__Your instructions__:
Each record that follows should be repeated exactly, with no pictures carried over.

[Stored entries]
- - - - -

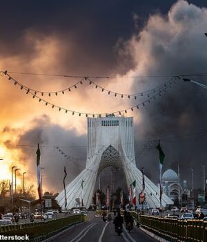 Ondas de fumaça aumentam após um ataque aéreo EUA-Israel perto da Torre Azadi, em Teerã, na terça-feira
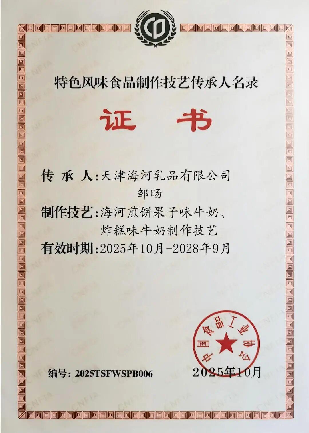 近日,中國食品工業(yè)協(xié)會公布第二批“特色風(fēng)味食品標(biāo)志性產(chǎn)品、制作技藝傳承人名錄”。海河乳品公司黨委書記、董事長鄒旸榮獲“特色風(fēng)味食品制作技藝傳承人”稱號。煎餅果子味牛奶、炸糕味牛奶榮膺“特色風(fēng)味食品標(biāo)志性產(chǎn)品”。這一由國家行業(yè)權(quán)威組織、經(jīng)專家多輪評審認(rèn)定的成果,標(biāo)志著海河乳品公司在傳承與創(chuàng)新地域特色食品、推動傳統(tǒng)風(fēng)味現(xiàn)代化轉(zhuǎn)型方面走在了行業(yè)前列,為老字號品牌注入了強(qiáng)勁動能。
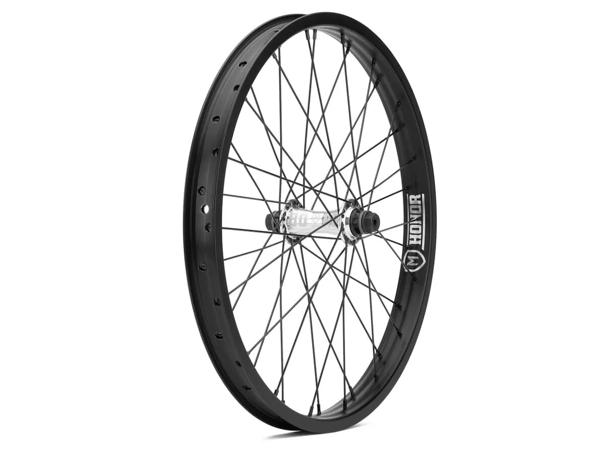 The Mission BMX "Bond X Honor" Front Wheel is composed of the Mission BMX "Honor" Rim and the Mission BMX "Bond" Front Hub. Doublewall and 36 spokes make the Mission BMX "Bond X Honor" Front Wheel light and strong.
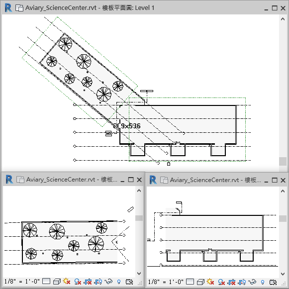 例如,在下圖中,頂部視圖展示圍繞主建築和鳥舍側翼的範圍框。範圍框 1 套用到主建築的網格線,範圍框 2 則套用到鳥舍側翼的網格線。因此,從屬視圖 (底部) 僅展示套用到建築各部分的網格線。
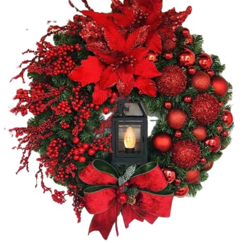 Ameckeクリスマス飾り、赤い花やオイルランプを使用した豪華な40cmのクリスマスベリーのリース。玄関やドア用に最適な贈り物です。
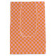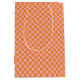 Bärbar och lekfull kontrollerad orange och rosa presentsäck. Perfekt för att lägga till ett popo av färg till tillfälle, oavsett om det är en födelsedag, årsdag, Halloween eller bara för att.
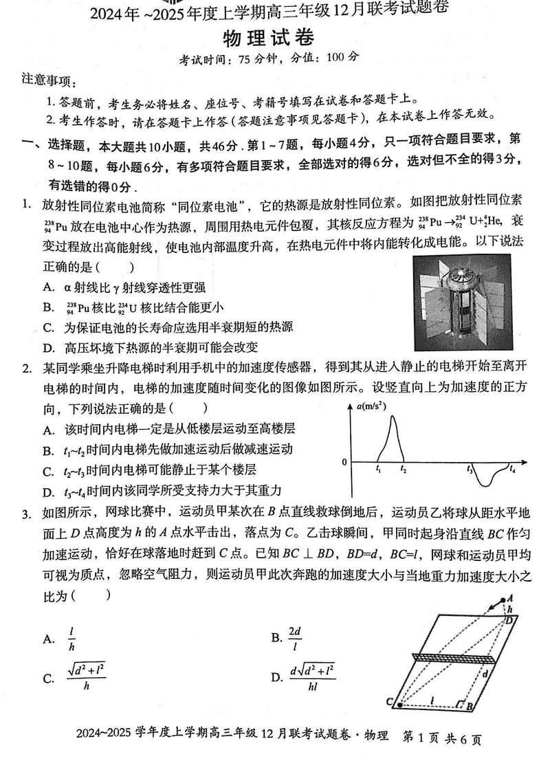 广西邕衡教育名校联盟2025届高三年级12月联考物理考试已于近日开考,为方便考生考后及时查看考试情况,查漏补缺、弥补不足,本文整理了试题答案解析相关信息!

- - - - -

__Result of this exercise__:
 Ondas de fumaça aumentam após um ataque aéreo EUA-Israel perto da Torre Azadi, em Teerã, na terça-feira
 近日,中國食品工業(yè)協(xié)會公布第二批“特色風(fēng)味食品標(biāo)志性產(chǎn)品、制作技藝傳承人名錄”。海河乳品公司黨委書記、董事長鄒旸榮獲“特色風(fēng)味食品制作技藝傳承人”稱號。煎餅果子味牛奶、炸糕味牛奶榮膺“特色風(fēng)味食品標(biāo)志性產(chǎn)品”。這一由國家行業(yè)權(quán)威組織、經(jīng)專家多輪評審認(rèn)定的成果,標(biāo)志著海河乳品公司在傳承與創(chuàng)新地域特色食品、推動傳統(tǒng)風(fēng)味現(xiàn)代化轉(zhuǎn)型方面走在了行業(yè)前列,為老字號品牌注入了強(qiáng)勁動能。
 The Mission BMX "Bond X Honor" Front Wheel is composed of the Mission BMX "Honor" Rim and the Mission BMX "Bond" Front Hub. Doublewall and 36 spokes make the Mission BMX "Bond X Honor" Front Wheel light and strong.
 例如,在下圖中,頂部視圖展示圍繞主建築和鳥舍側翼的範圍框。範圍框 1 套用到主建築的網格線,範圍框 2 則套用到鳥舍側翼的網格線。因此,從屬視圖 (底部) 僅展示套用到建築各部分的網格線。
 Ameckeクリスマス飾り、赤い花やオイルランプを使用した豪華な40cmのクリスマスベリーのリース。玄関やドア用に最適な贈り物です。
 Bärbar och lekfull kontrollerad orange och rosa presentsäck. Perfekt för att lägga till ett popo av färg till tillfälle, oavsett om det är en födelsedag, årsdag, Halloween eller bara för att.
 广西邕衡教育名校联盟2025届高三年级12月联考物理考试已于近日开考,为方便考生考后及时查看考试情况,查漏补缺、弥补不足,本文整理了试题答案解析相关信息!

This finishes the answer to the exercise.